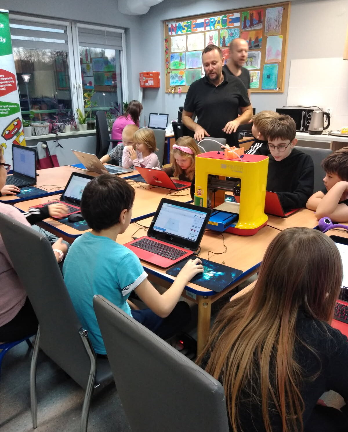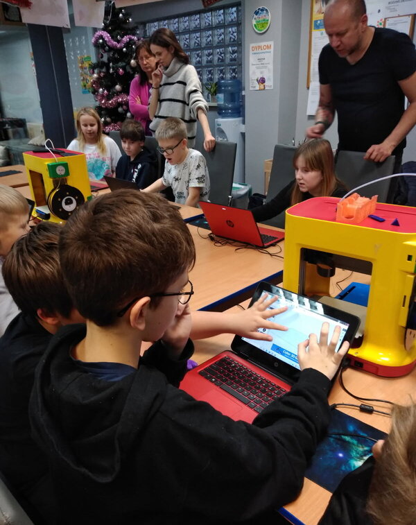Jednym z głównych punktów warsztatów było tworzenie własnych breloków z imionami na drukarce 3D. Dzieci samodzielnie projektowały kształty i litery, a następnie obserwowały, jak ich pomysły zamieniają się w rzeczywiste przedmioty.
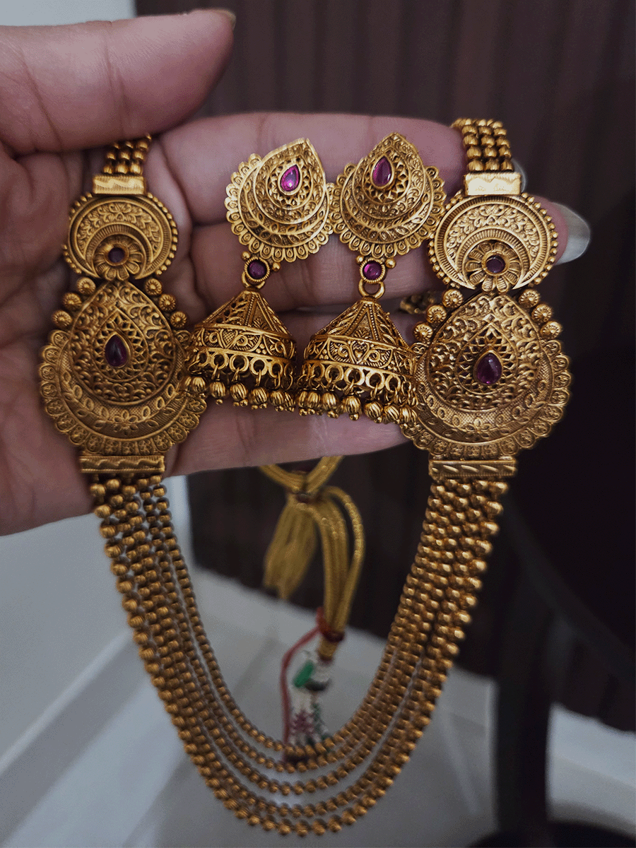 Leaf shaped side brooches with flower and moon top design long set with five gold bead strings
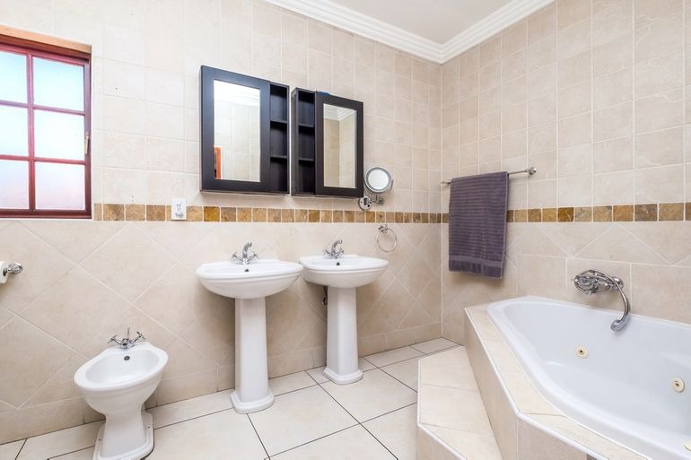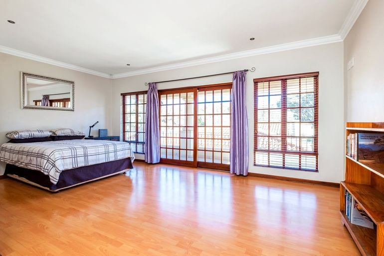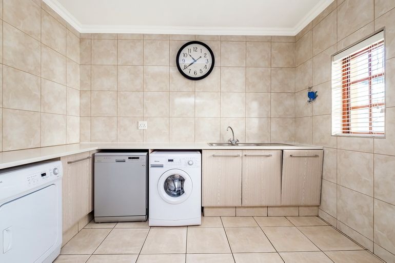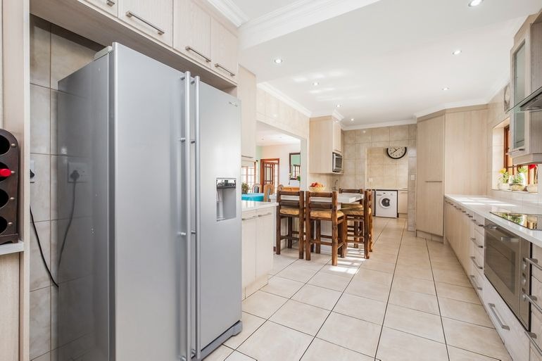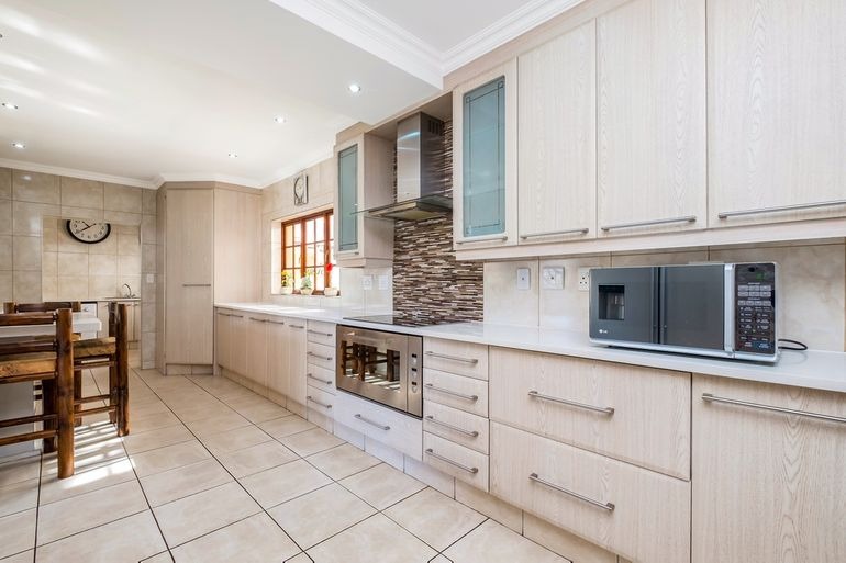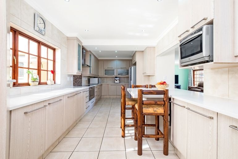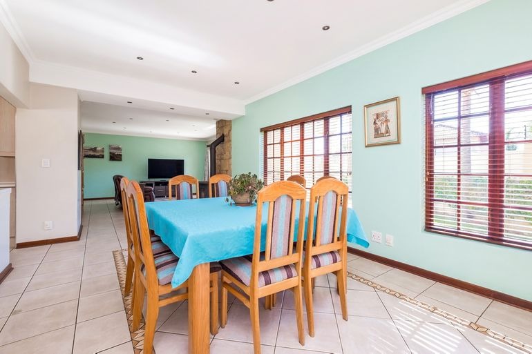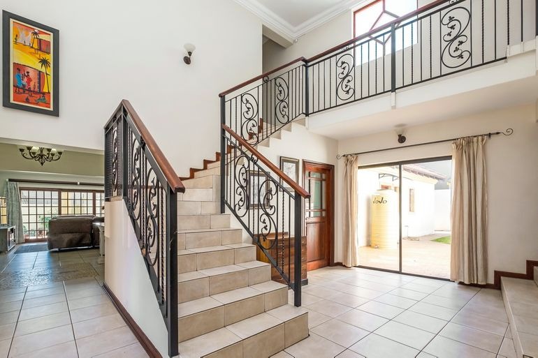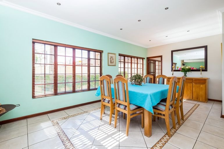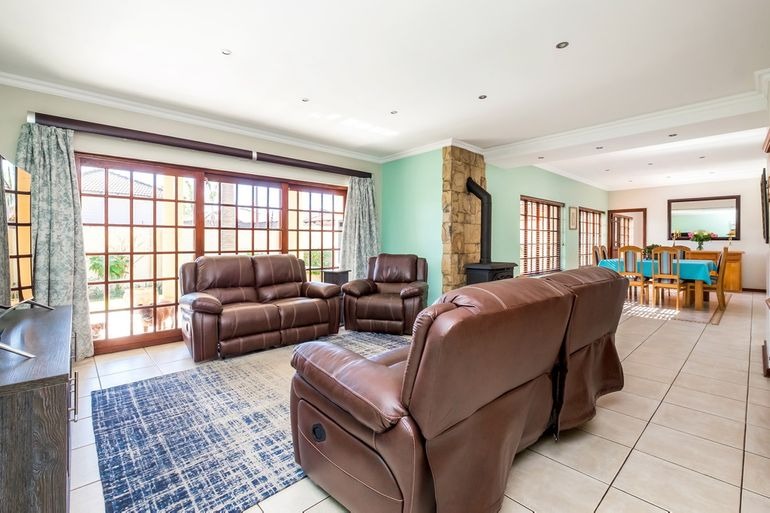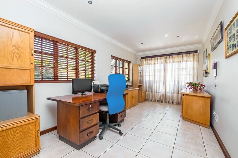 Additional highlights include a dedicated office, four lock-up garages plus extra parking for at least four cars, electric gate and fence, and a safe, quiet neighbourhood. For sustainability and efficiency, the property features a 12kW Deye solar system, providing around 95% independence from Eskom.
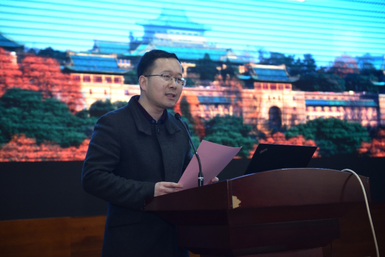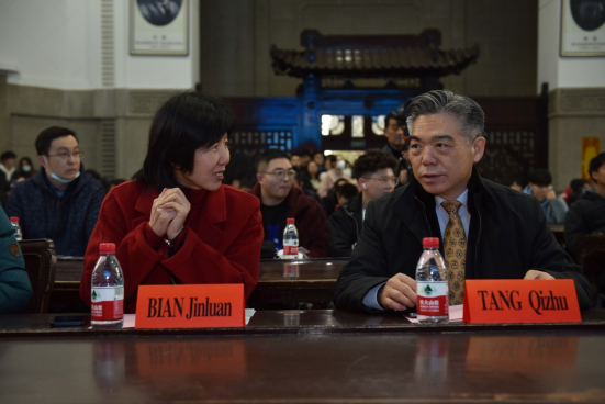 武汉大学党委常委、副校长唐其柱教授为John E .Hopcroft教授颁赠珞珈讲坛纪念牌。本科生院院长吴丹教授、人工智能研究院副院长杨志坚教授、计算机学院党委书记边金鸾、数学与统计学院党委书记左军等参加了珞珈讲坛。
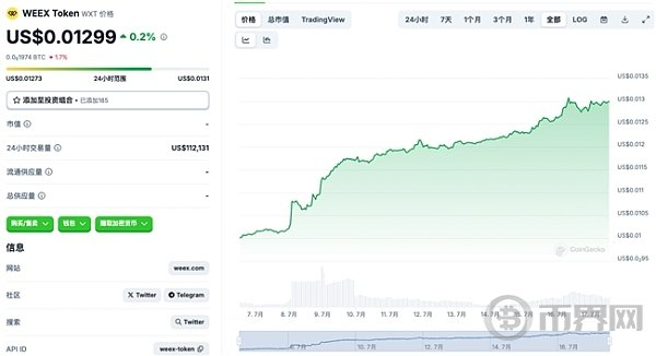 而 WEEX Token 当前价格为 $0.01299,CoinGecko 最早收录时间 2024 年 7 月 6 日,由于刚上线不久,市值、流通量、总供应量数据尚未被跟踪。
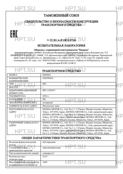 | Предприятие-изготовитель | HONDA MOTOR Co., Ltd. No.1-1, 2 Chome, Minami-Aoyama, Minato-ku, Tokyo, 107-8556, Japan. (HONDA MOTOR Co., Ltd), юридический адрес: HONDA MOTOR Co., Ltd. No.1-1, 2 Chome, Minami-Aoyama, Minato-ku, Tokyo, 107-8556, Japan., фактический адрес: HONDA MOTOR Co., Ltd. No.1-1, 2 Chome, Minami-Aoyama, Minato-ku, Tokyo, 107-8556, Japan. |
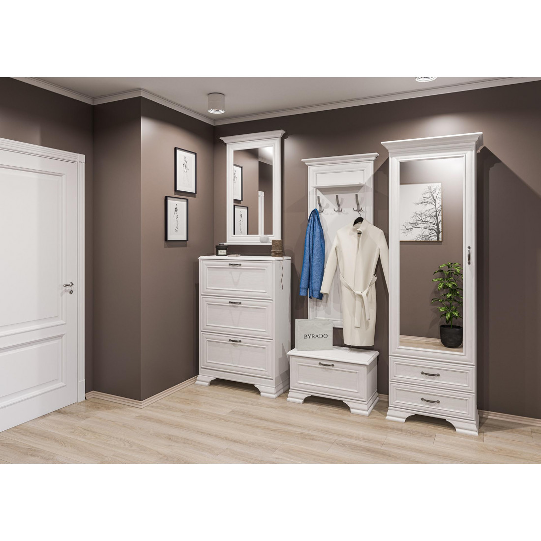 Мебель для прихожей Юнона от фабрики Мебель-Неман композиция 2 - новинка 2019 года в классическом стиле с отделкой структурной фактуры, обрамленная рамочным фасадом, где металлические ручки выгодно подчёркивают стиль и изящество, всегда актуален и востребован.
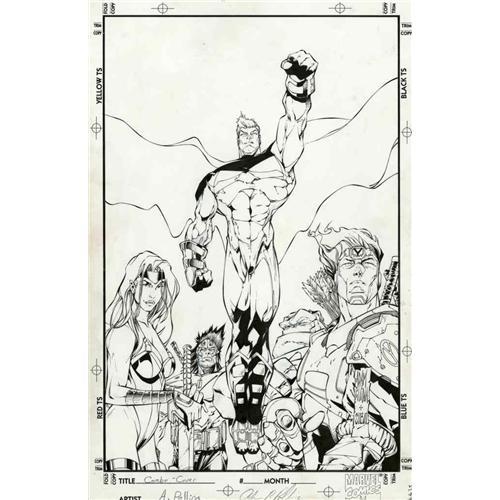 <B>Adam Pollina and Jonathan Sibal - Combo Magazine Cover Original Art (undated).</B></I> Best known for his work on Marvel Comics' <B>X-Force</B></I>, Adam Pollina penciled this awe-inspiring image featuring Supreme, Youngblood, and Prophet for the cover of <B>Combo</B></I> magazine. The art has an image area of 10" x 15", and the condition is Excellent.
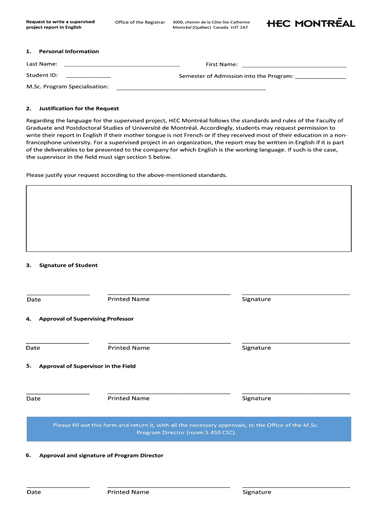 Request to write a supervised project report in English 1. Office of the Registrar 3000, chem in DE la CteSteCatherine Montreal (Quebec) Canada H3T 2A7 Personal Information Last Name: Student ID:
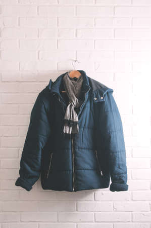Blue men's jacket on white brick wall
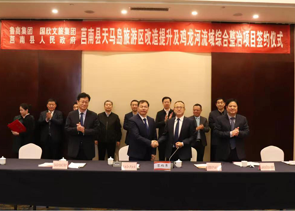 3月23日上午,魯商集團(tuán)、國(guó)欣文旅與臨沂市莒南縣天馬島旅游區(qū)及雞龍河流域綜合整治項(xiàng)目簽約儀式在莒南縣舉行。魯商集團(tuán)黨委書記、董事長(zhǎng)兼國(guó)欣文旅董事長(zhǎng)高洪雷,臨沂市委常委、市政府常務(wù)副市長(zhǎng)侯曉濱出席簽約儀式并分別致辭。臨沂市政協(xié)副主席譚慶功,魯商集團(tuán)黨委副書記、董事劉守亮,國(guó)欣文旅黨委委員、副總經(jīng)理、山東文旅景區(qū)集團(tuán)黨委書記、董事長(zhǎng)季將參加。
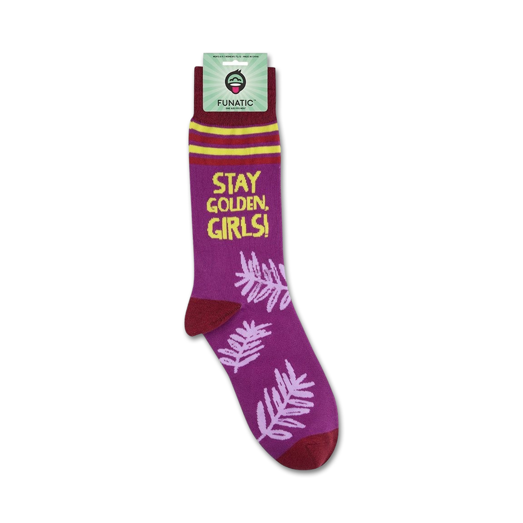 Stay Golden, Girls! These purple crew socks with bold yellow lettering and a palm leaf pattern on the back are perfect for fans of the classic TV show. Whether you're sipping coffee at home or strutting down the street, these socks will remind you to stay positive and embrace your inner Golden Girl. Fun fact: Betty White, who played Rose Nylund on the show, was the first woman to win an Emmy for Outstanding Continuing Performance by an Actress in a Comedy Series. She was also the longest-running female cast member on Saturday Night Live, appearing on the show for 10 seasons. So if you're looking for a pair of socks that are as funny and fabulous as the Golden Girls themselves, these are the socks for you!
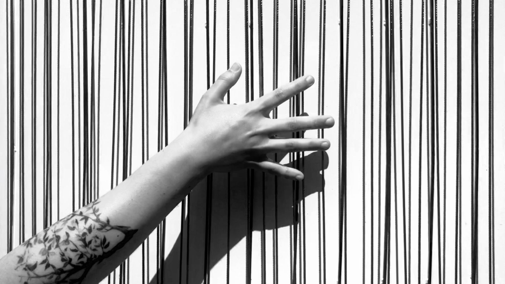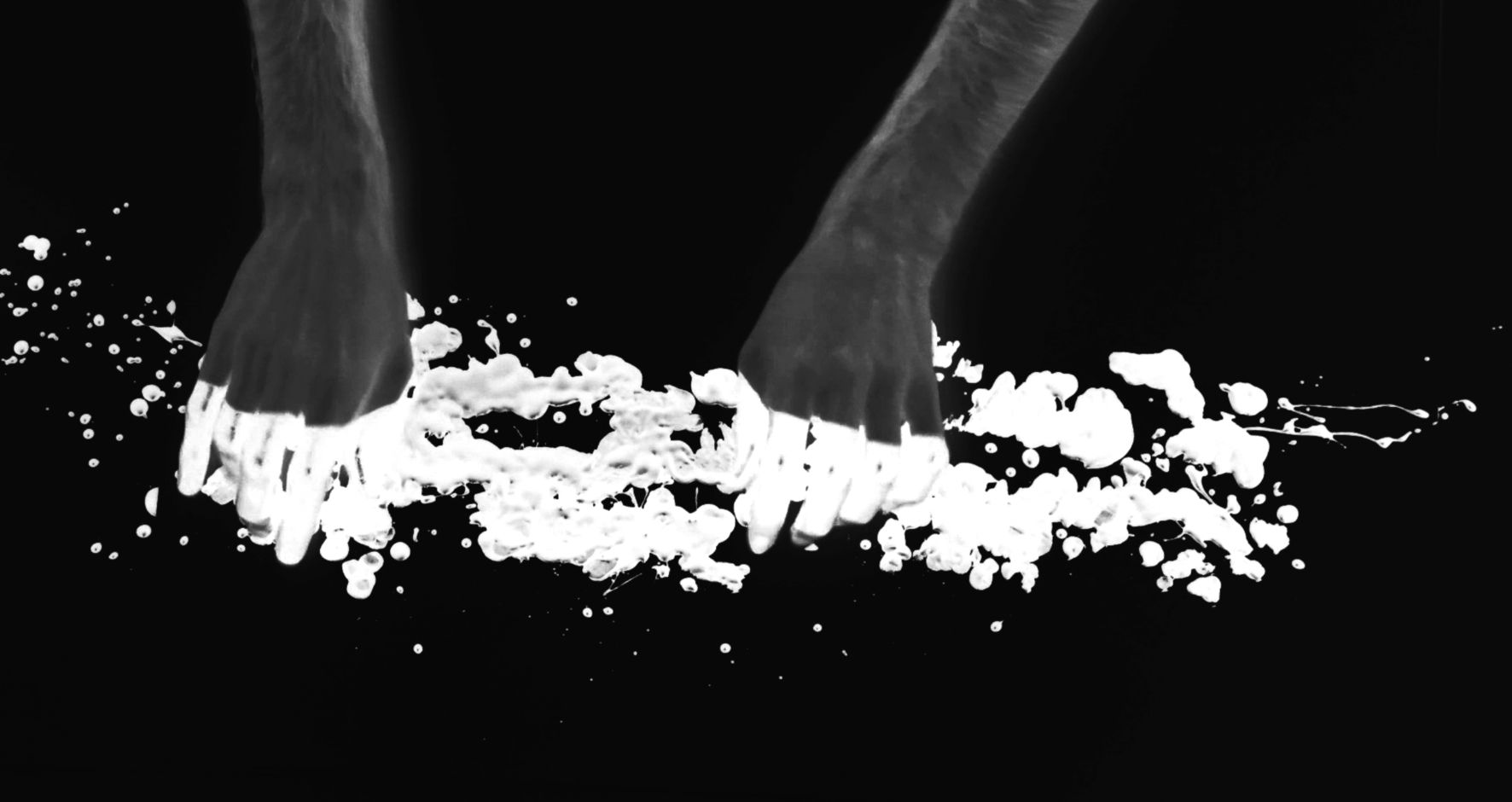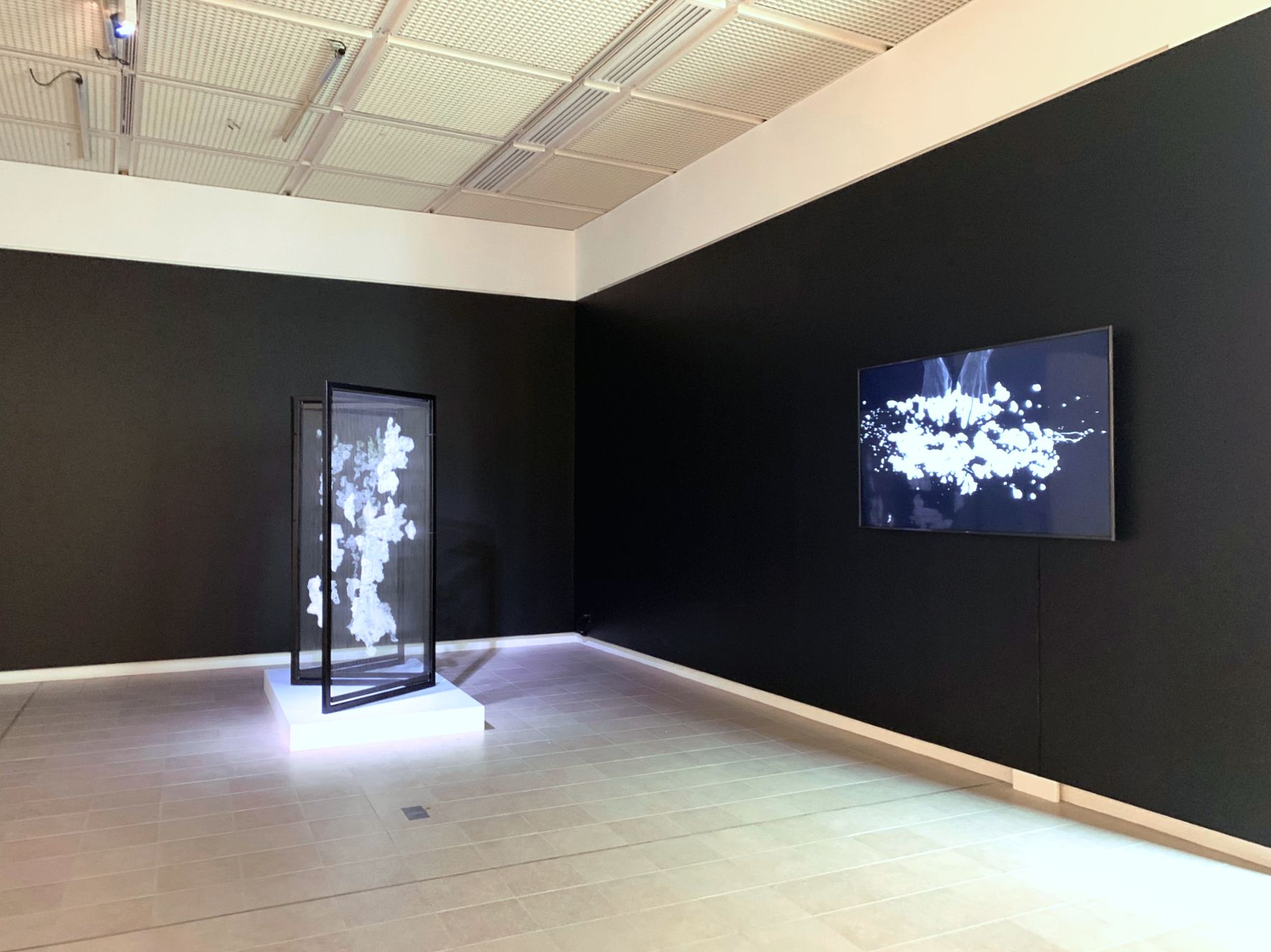 Vidéo noir et blanc muette 3' projeté sur toile noire tendue sur châssis, 250 x 120 cm.

▬▬▬▬▬▬▬▬▬▬

- Task directions: Everything in the entries must be written out exactly; the pictures stay out.

- Response to the exercise:
Jednym z głównych punktów warsztatów było tworzenie własnych breloków z imionami na drukarce 3D. Dzieci samodzielnie projektowały kształty i litery, a następnie obserwowały, jak ich pomysły zamieniają się w rzeczywiste przedmioty.
 Leaf shaped side brooches with flower and moon top design long set with five gold bead strings
 Additional highlights include a dedicated office, four lock-up garages plus extra parking for at least four cars, electric gate and fence, and a safe, quiet neighbourhood. For sustainability and efficiency, the property features a 12kW Deye solar system, providing around 95% independence from Eskom.
 武汉大学党委常委、副校长唐其柱教授为John E .Hopcroft教授颁赠珞珈讲坛纪念牌。本科生院院长吴丹教授、人工智能研究院副院长杨志坚教授、计算机学院党委书记边金鸾、数学与统计学院党委书记左军等参加了珞珈讲坛。
 而 WEEX Token 当前价格为 $0.01299,CoinGecko 最早收录时间 2024 年 7 月 6 日,由于刚上线不久,市值、流通量、总供应量数据尚未被跟踪。
 | Предприятие-изготовитель | HONDA MOTOR Co., Ltd. No.1-1, 2 Chome, Minami-Aoyama, Minato-ku, Tokyo, 107-8556, Japan. (HONDA MOTOR Co., Ltd), юридический адрес: HONDA MOTOR Co., Ltd. No.1-1, 2 Chome, Minami-Aoyama, Minato-ku, Tokyo, 107-8556, Japan., фактический адрес: HONDA MOTOR Co., Ltd. No.1-1, 2 Chome, Minami-Aoyama, Minato-ku, Tokyo, 107-8556, Japan. |
 Мебель для прихожей Юнона от фабрики Мебель-Неман композиция 2 - новинка 2019 года в классическом стиле с отделкой структурной фактуры, обрамленная рамочным фасадом, где металлические ручки выгодно подчёркивают стиль и изящество, всегда актуален и востребован.
 <B>Adam Pollina and Jonathan Sibal - Combo Magazine Cover Original Art (undated).</B></I> Best known for his work on Marvel Comics' <B>X-Force</B></I>, Adam Pollina penciled this awe-inspiring image featuring Supreme, Youngblood, and Prophet for the cover of <B>Combo</B></I> magazine. The art has an image area of 10" x 15", and the condition is Excellent.
 Request to write a supervised project report in English 1. Office of the Registrar 3000, chem in DE la CteSteCatherine Montreal (Quebec) Canada H3T 2A7 Personal Information Last Name: Student ID:
Blue men's jacket on white brick wall
 3月23日上午,魯商集團(tuán)、國(guó)欣文旅與臨沂市莒南縣天馬島旅游區(qū)及雞龍河流域綜合整治項(xiàng)目簽約儀式在莒南縣舉行。魯商集團(tuán)黨委書記、董事長(zhǎng)兼國(guó)欣文旅董事長(zhǎng)高洪雷,臨沂市委常委、市政府常務(wù)副市長(zhǎng)侯曉濱出席簽約儀式并分別致辭。臨沂市政協(xié)副主席譚慶功,魯商集團(tuán)黨委副書記、董事劉守亮,國(guó)欣文旅黨委委員、副總經(jīng)理、山東文旅景區(qū)集團(tuán)黨委書記、董事長(zhǎng)季將參加。
 Stay Golden, Girls! These purple crew socks with bold yellow lettering and a palm leaf pattern on the back are perfect for fans of the classic TV show. Whether you're sipping coffee at home or strutting down the street, these socks will remind you to stay positive and embrace your inner Golden Girl. Fun fact: Betty White, who played Rose Nylund on the show, was the first woman to win an Emmy for Outstanding Continuing Performance by an Actress in a Comedy Series. She was also the longest-running female cast member on Saturday Night Live, appearing on the show for 10 seasons. So if you're looking for a pair of socks that are as funny and fabulous as the Golden Girls themselves, these are the socks for you!
 Vidéo noir et blanc muette 3' projeté sur toile noire tendue sur châssis, 250 x 120 cm.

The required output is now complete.